Ils craignaient quoi, au juste, avant ? Que je m’enfuie ? Vers où, de toute façon ?

 Ils débouchèrent dans un immense hangar, occupé par une navette à la forme allongée, couleur bronze, hérissée de tubulures et à peu près de la taille d’un jet privé, sur Terre, mais en beaucoup plus massif.

 Des soldats en uniforme vert et noir montaient la garde, tandis que d’autres vérifiaient des circuits derrière des panneaux ouverts sous la coque. L’air était curieusement piquant. Il y avait du bruit, de l’agitation, des sifflements de vapeur, tant de choses à voir qu’elle ne savait plus où regarder, oubliant temporairement son abattement pour ne garder que la stupéfaction.
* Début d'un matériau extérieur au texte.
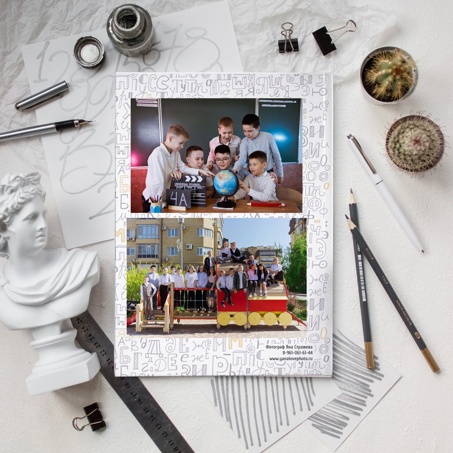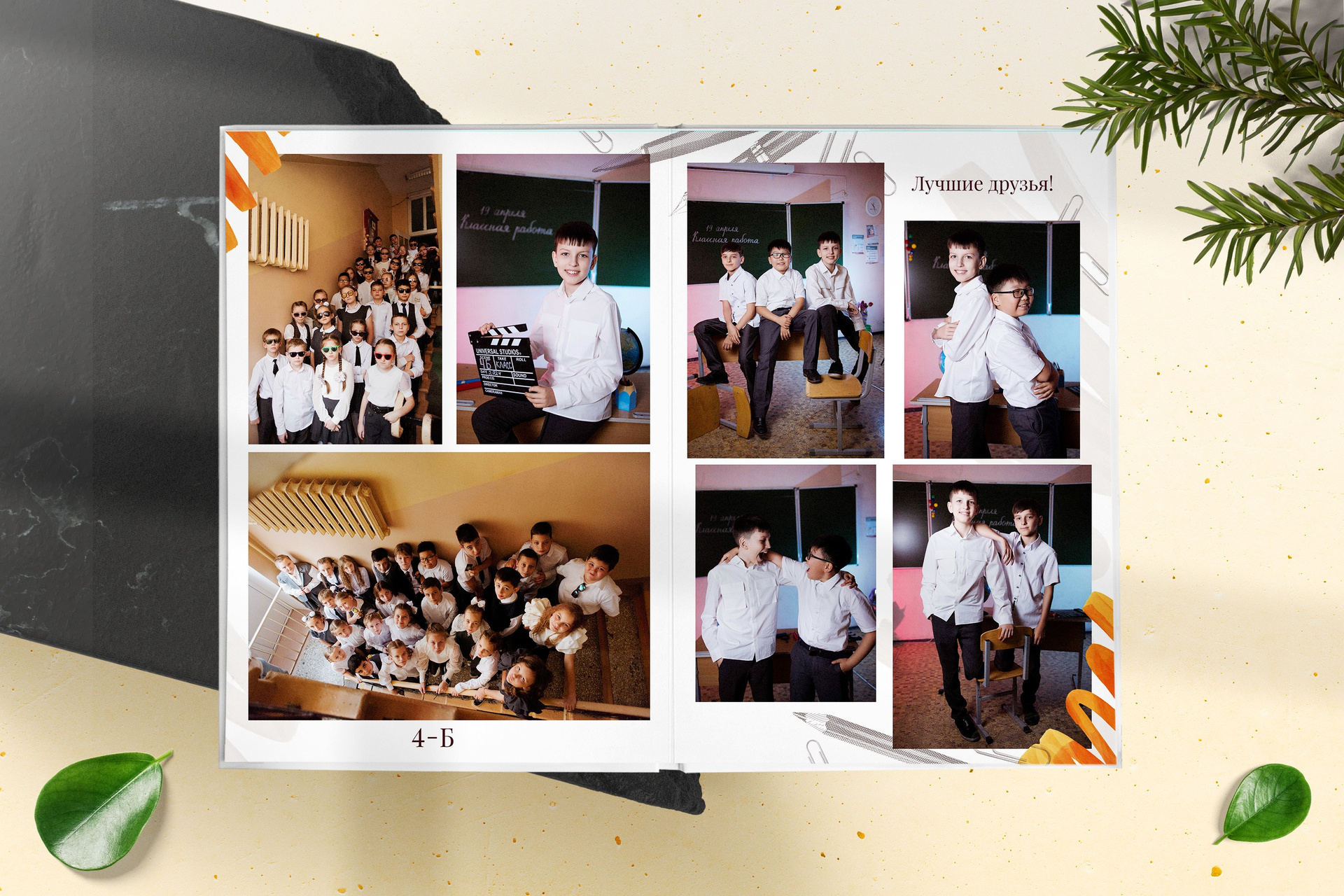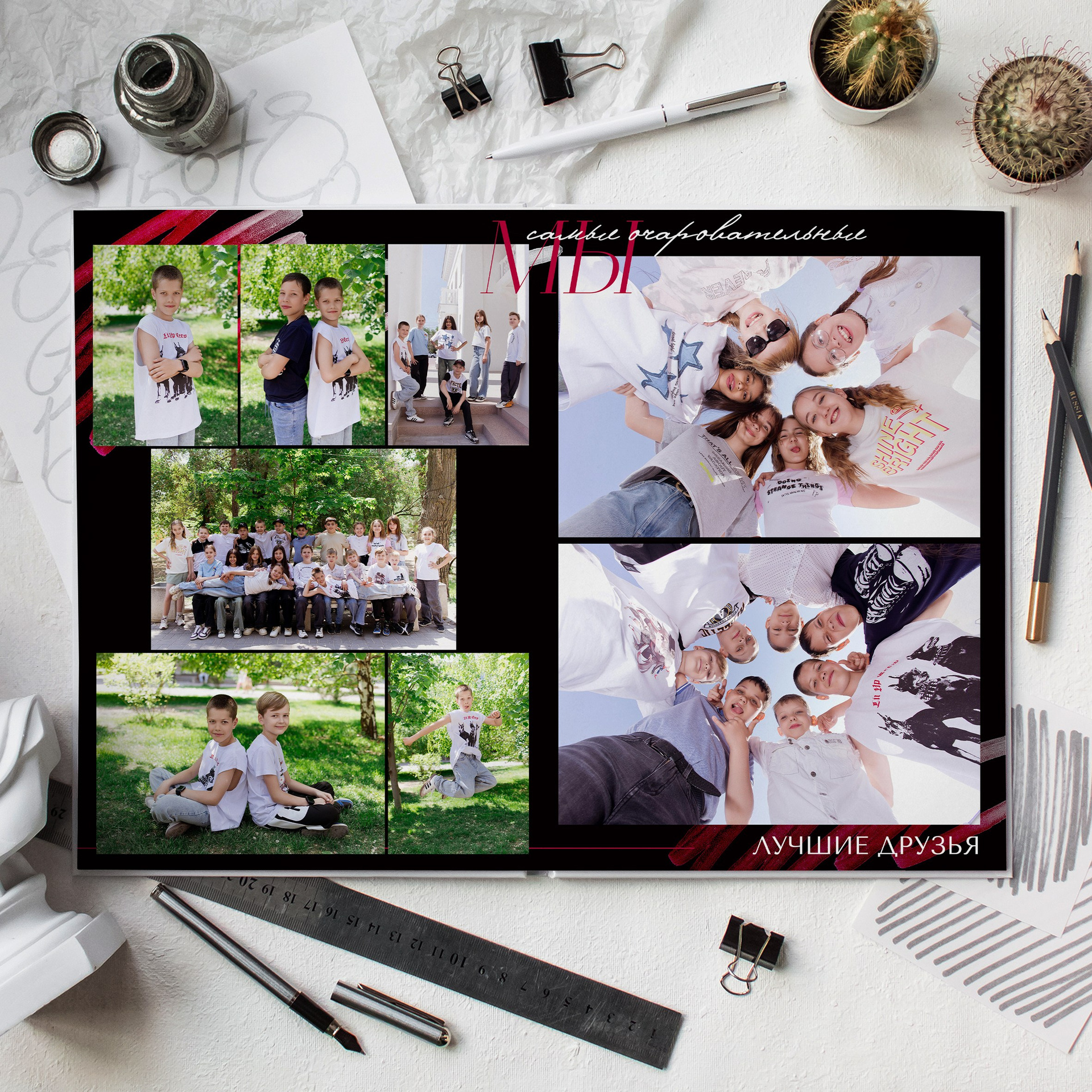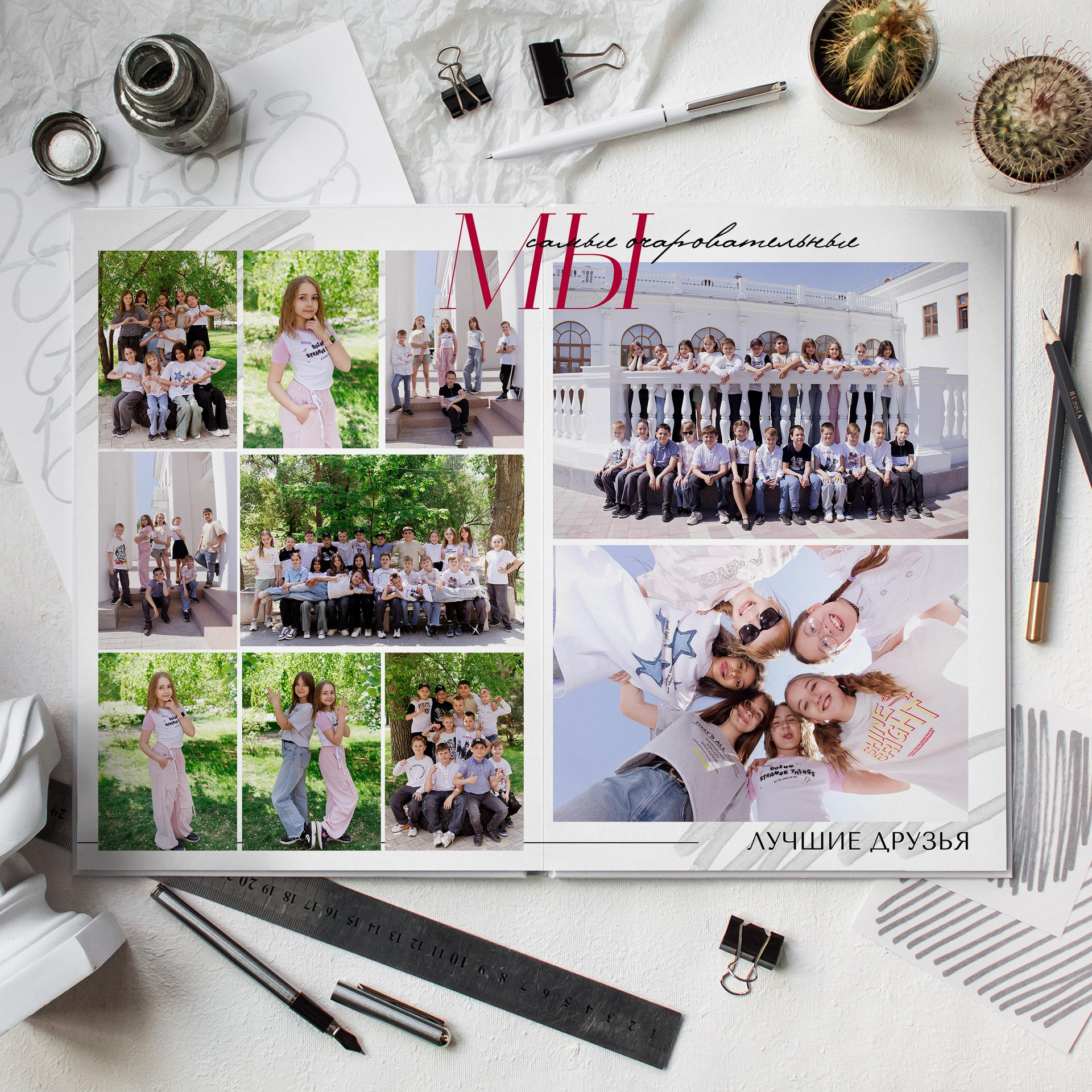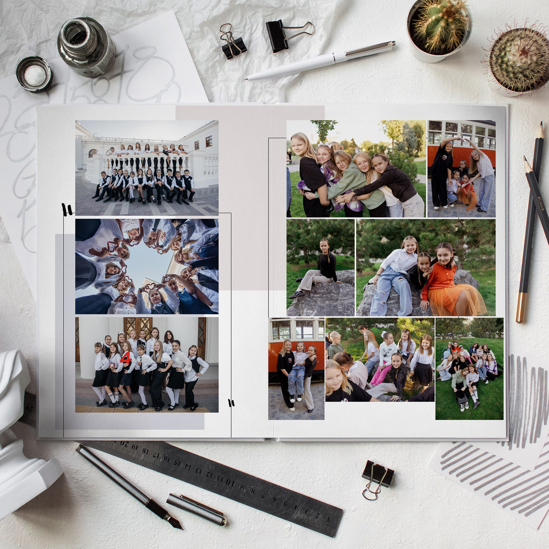 У вас не будет одинаковых по содержанию альбомов, так как каждый макет будет собираться на основе выбранных вами фотографий. Вы решаете, сколько будет разворотов, портретов или фотографий с друзьями и одноклассниками/одногруппниками.
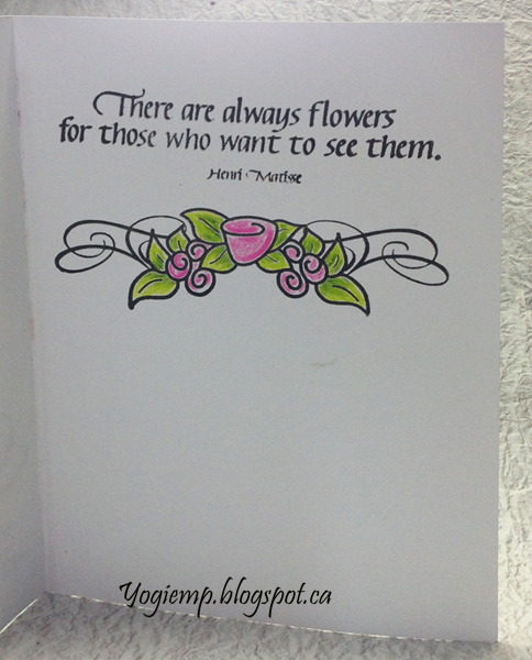 On the inside: Stamped the quote nd border using Versafine Clair - "Morning Mist" and clear embossed. Colored with the Prisma colored pencils. |
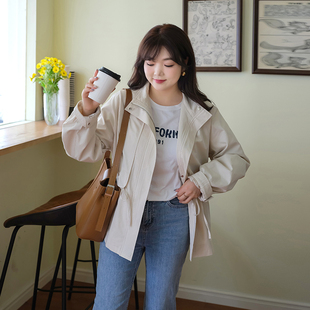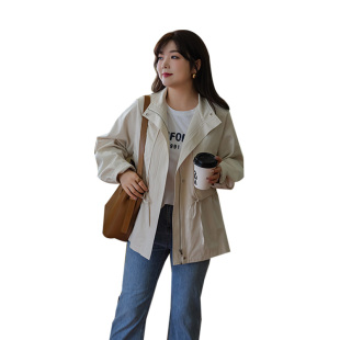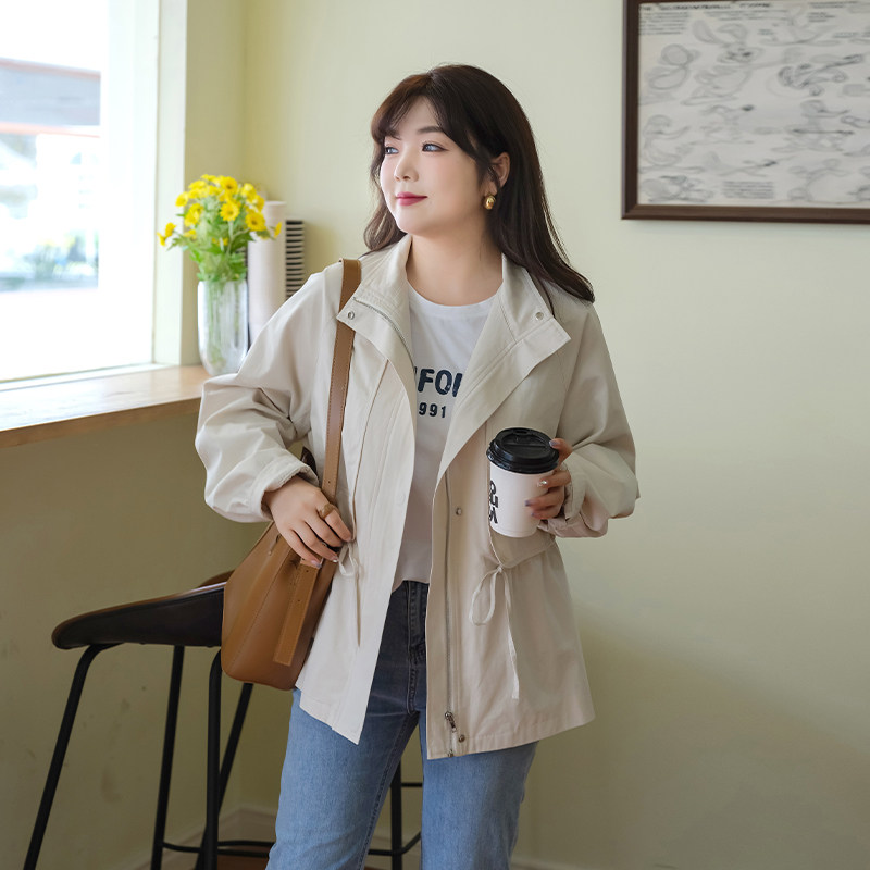 清仓直降 休闲工装 蓝若水大码 胖MM春装 抽绳显瘦立领外套 女装
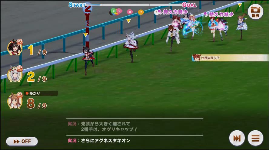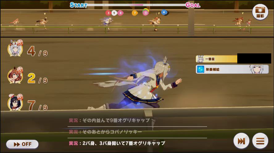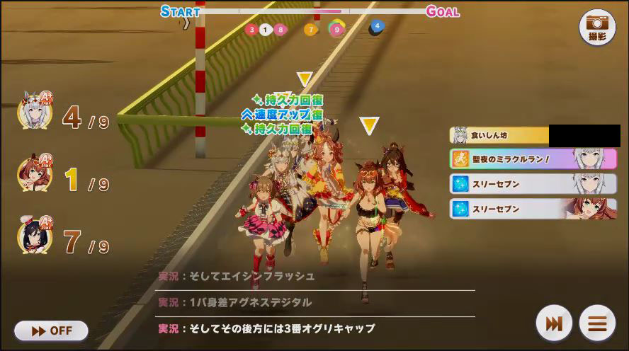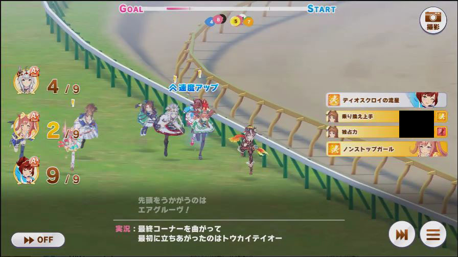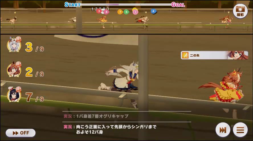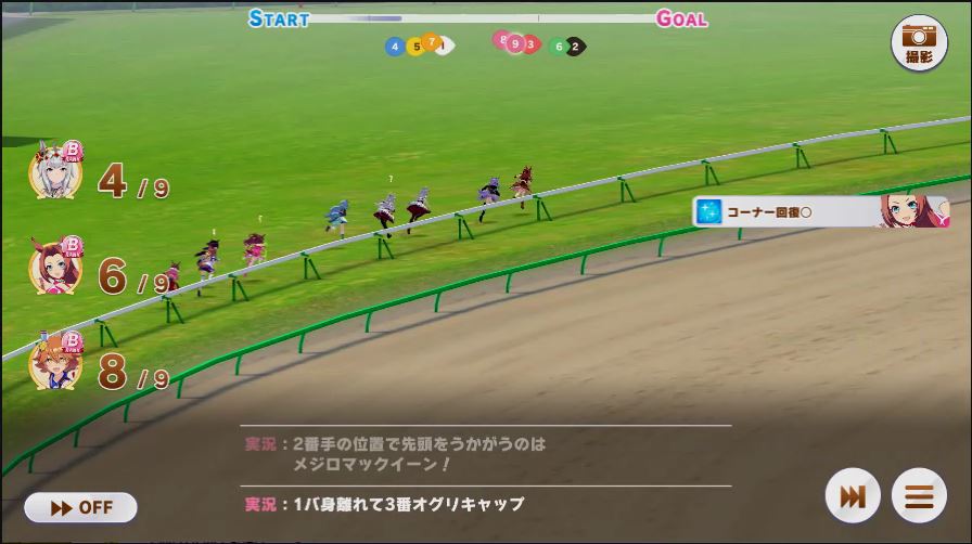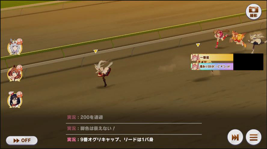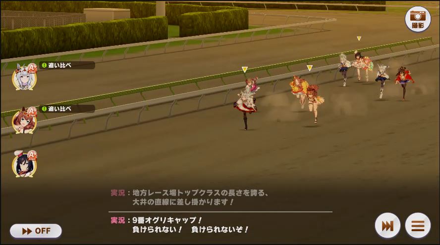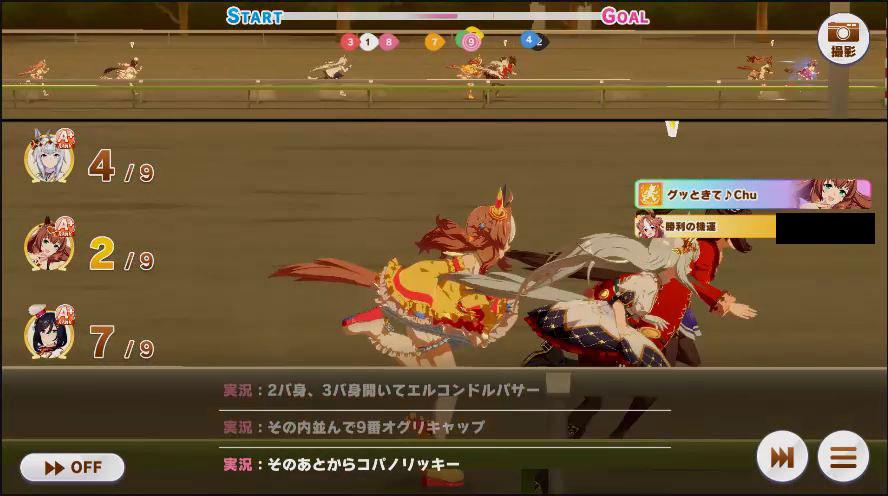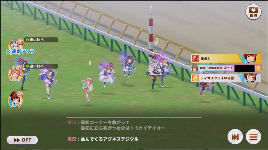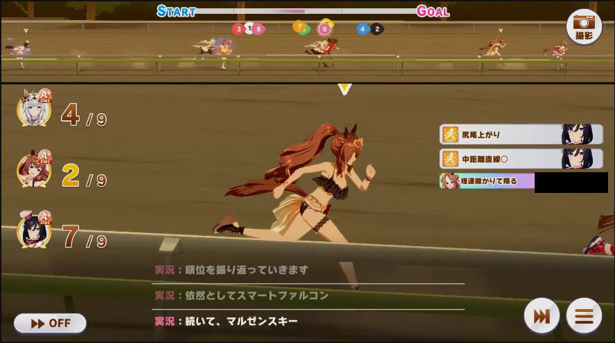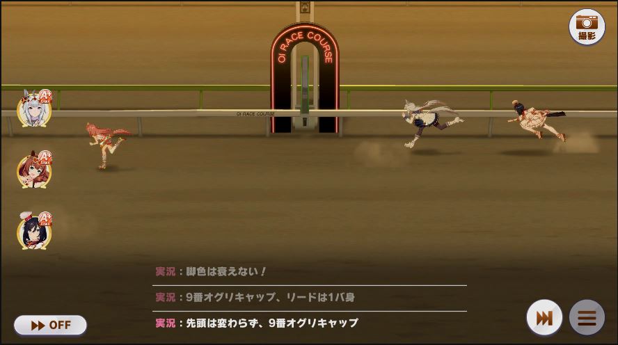 その後、中盤は大きな変化が無く相手のクリスマスオグリが回復スキルを発動した辺りで
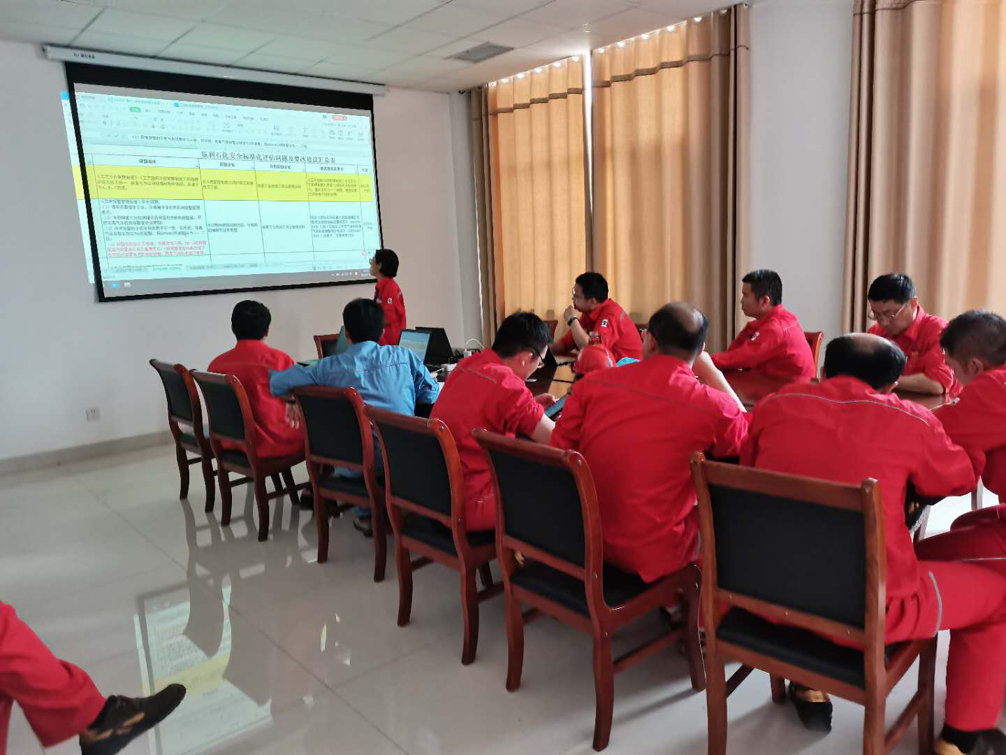 专家利用4天时间,分别到生产技术部、设备科、安环部与部门管理人员进行年初评估问题的整改跟踪、根因分析、解疑答难;并以优秀实践为例,解析公司目前安全管理体系中存在的瓶颈问题,讨论了重点工作之一---目标和指标管理提升方案,并对试点车间人员进行了培训和讲解。专家还与企业分管工程师结合山东省及东营市危险化学品安全专项整治三年行动实施方案,制定了下半年咨询工作重点任务和方向。
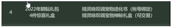 精灵咏叹调宠物进化书(帐号绑定)、精灵咏叹调宝物神秘礼盒(可交易);
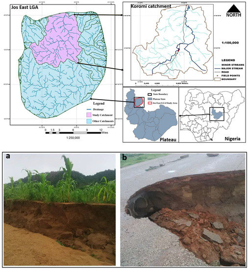 Map of Jos East LGA showing the location of Koromi catchment and drainages. (a). is a cultivated field in the Koromi catchment partially eroded; (b). is the main Fobur to Ferere road eroded. Both pictures were captured in 2015 during the field work exercise.

 Le soldat la conduisit directement vers une grande rampe qui se noyait dans les entrailles du vaisseau. Drapé dans sa cape, l’énigmatique Seigé se trouvait déjà là, conférant dans le couloir avec un homme vêtu lui aussi de vert et noir. Celui qu’il fallait bien appeler son nouvel employeur tourna la tête en sa direction et fit un bref signe à son escorte, qui la guida alors, par un escalier étroit, jusqu’à l’étage supérieur, qui ne ressemblait en rien à ce qu’elle aurait imaginé.

 Elle s’était attendue aux lignes épurées, au design fonctionnel qu’on pouvait trouver dans un avion, un jet privé, ou encore dans les images aseptisées des vaisseaux spatiaux de science-fiction qu’elle connaissait. Mais si l’idée générale restait la même – de part et d’autre d’une large allée centrale, plusieurs sièges capitonnés étaient disposés en face à face, entre deux longues baies ovales qui donnaient sur l’activité fourmillante du hangar – le style en était totalement différent.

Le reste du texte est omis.